Из многообразия способов репозиции вывиха плеча предпочтение отдают тракционным методикам, сочетающимися с элементами наружной ротации. После устранения вывиха, как правило, применяют иммобилизацию сустава в положении приведения плеча в течение 3-4 недель. Иммобилизацию считают необходимой во всех случаях в целях создания условий для регенерации тканей, поврежденных в момент возникновения вывиха и при его устранении. После окончания периода иммобилизации проводят курс восстановительного лечения, предусматривающего пассивную и активную разработку движений в суставе, массаж, миостимуляцию. Большинство хирургов рекомендуют больным приступать к физической активности на бытовом уровне и занятиям нефизическими видами трудовой деятельности через 3-4 месяца после травмы. Спортсменов и лиц, занимающихся тяжелым физическим трудом, допускают к выполнению физических нагрузок на прежнем уровне не ранее, чем через 5-6 месяцев. По мнению некоторых авторов, больным молодого возраста следует избегать движений в плечевом суставе, способствующих ухудшению стабилизации головки плечевой кости, в течение 6-12 месяцев. Опасными движениями считают форсированную наружную ротацию с отведением и разгибанием плеча.Анализ источников, посвященных результатам консервативного лечения больных с первичными вывихами плеча, показывает что, частота развития рецидивов колеблется от 15% до 95% в зависимости от возраста пациента и длительности применяемой иммобилизации. Прогностически неблагоприятными факторами считают молодой возраст пострадавших, характер их профессиональной и спортивной деятельности, недостаточность применявшейся иммобилизации. Частота возникновения рецидивов у больных старше 40 лет составляет12%-50%, а у больных молодого возраста находится в пределах 67%-95%. Влияет так же длительность иммобилизации. При длительности иммобилизации меньше 3-4 недель частота рецидивов заметно возрастает.

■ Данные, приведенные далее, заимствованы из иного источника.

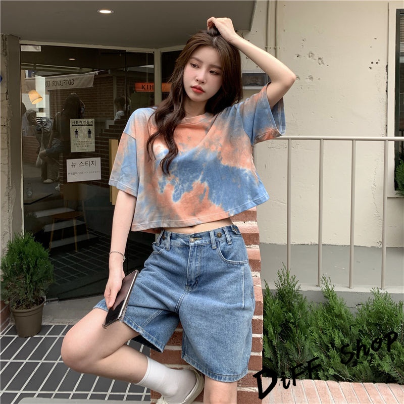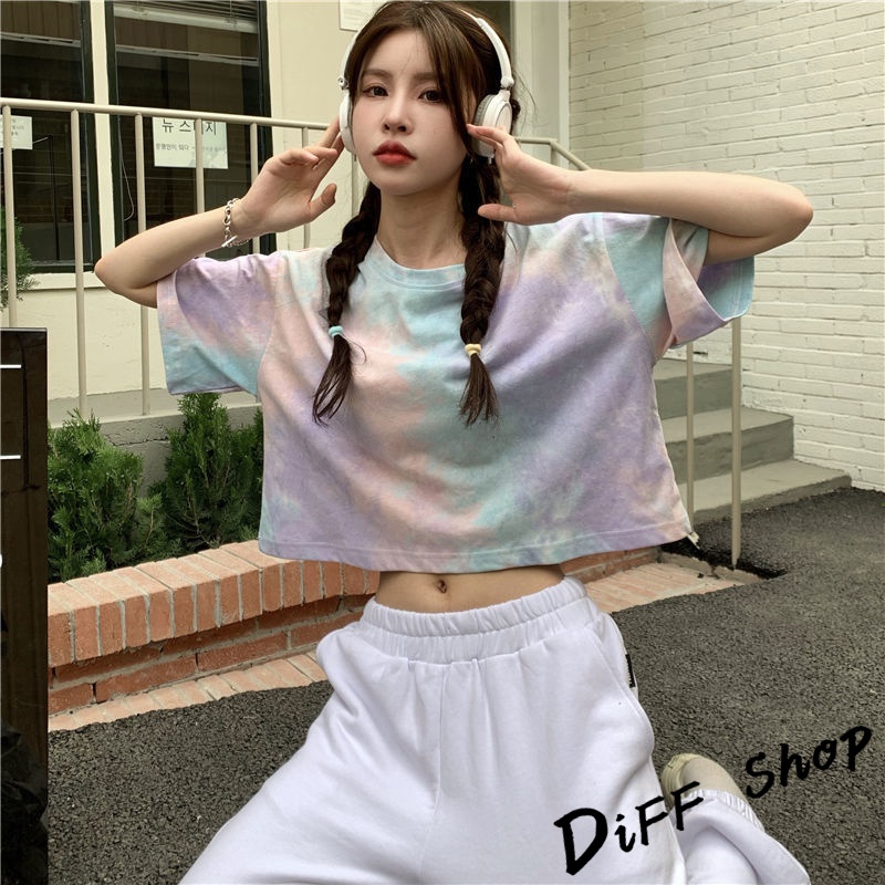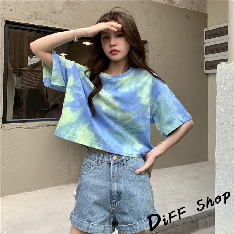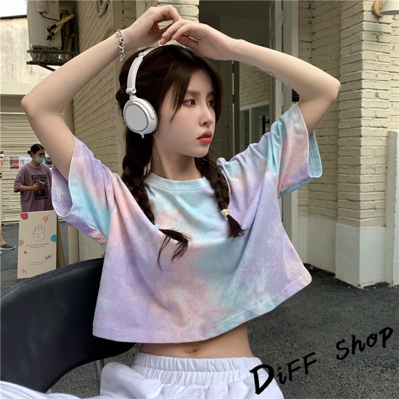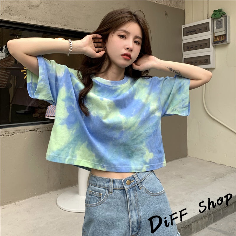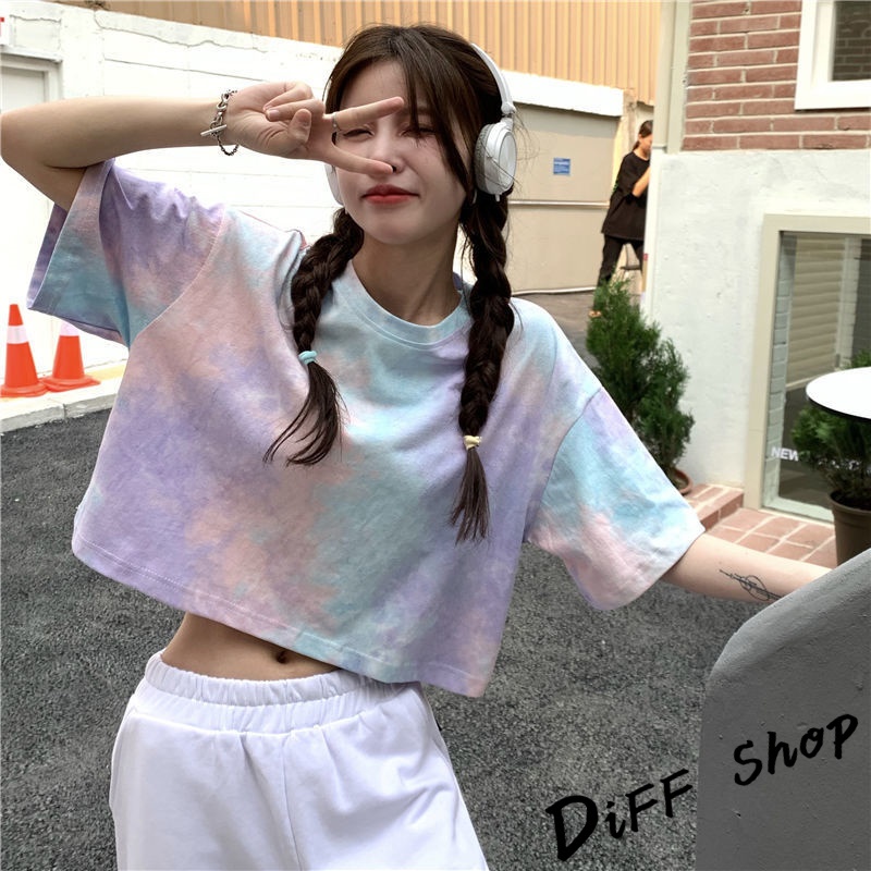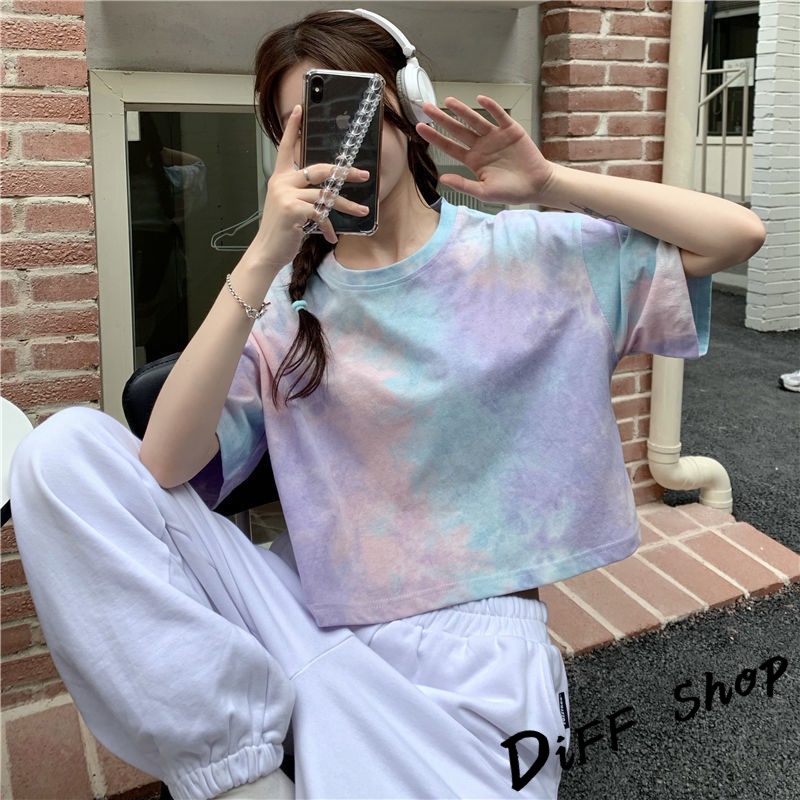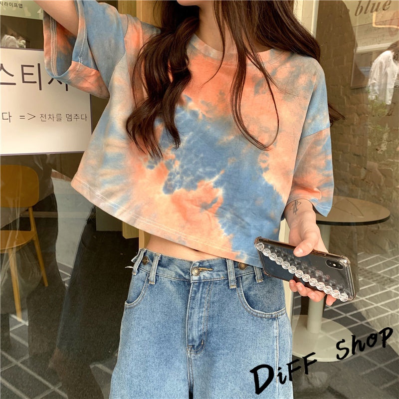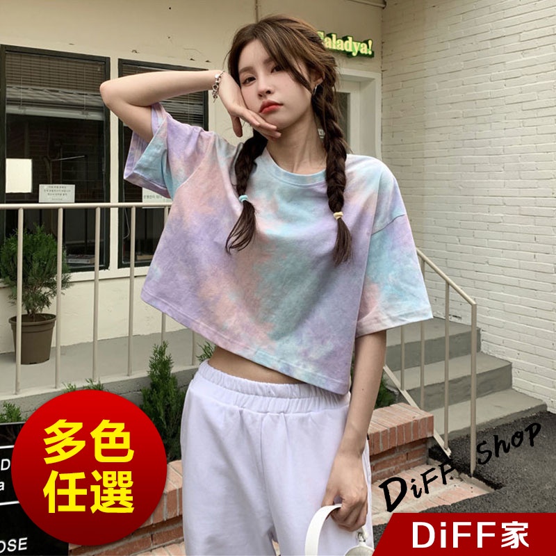 【DIFF】韓版小眾炫染寬鬆短版上衣 短袖上衣 短袖t恤 女裝 顯瘦上衣 衣服 寬鬆上衣 短板上衣【T383】

Читайте также:  Бандаж на плечевой сустав орто купить

Достаточно высокие показатели частоты возникновения рецидивов вывиха после первичного консервативного лечения, в особенности, у больных молодого возраста, побуждают хирургов искать пути совершенствования лечебной тактики. Одним из современных направлений является раннее выявление внутрисуставных повреждений (импрессионный костно-хрящевой перелом головки плеча Хила-Сакса, повреждение Банкарта) и их хирургическая коррекция с использованием малоинвазивных артроскопических технологий.

Пластика плечевого сустава по ткаченко

Проведенные клинические исследования с применением контрольной артроскопии после консервативного лечения больных молодого (до 40 лет) возраста с вывихами плеча показали, что в 50%-54% наблюдений имелось   незарубцевавшееся повреждение Банкарта, которое считают предрасполагающим фактором в возникновении рецидивных вывихов.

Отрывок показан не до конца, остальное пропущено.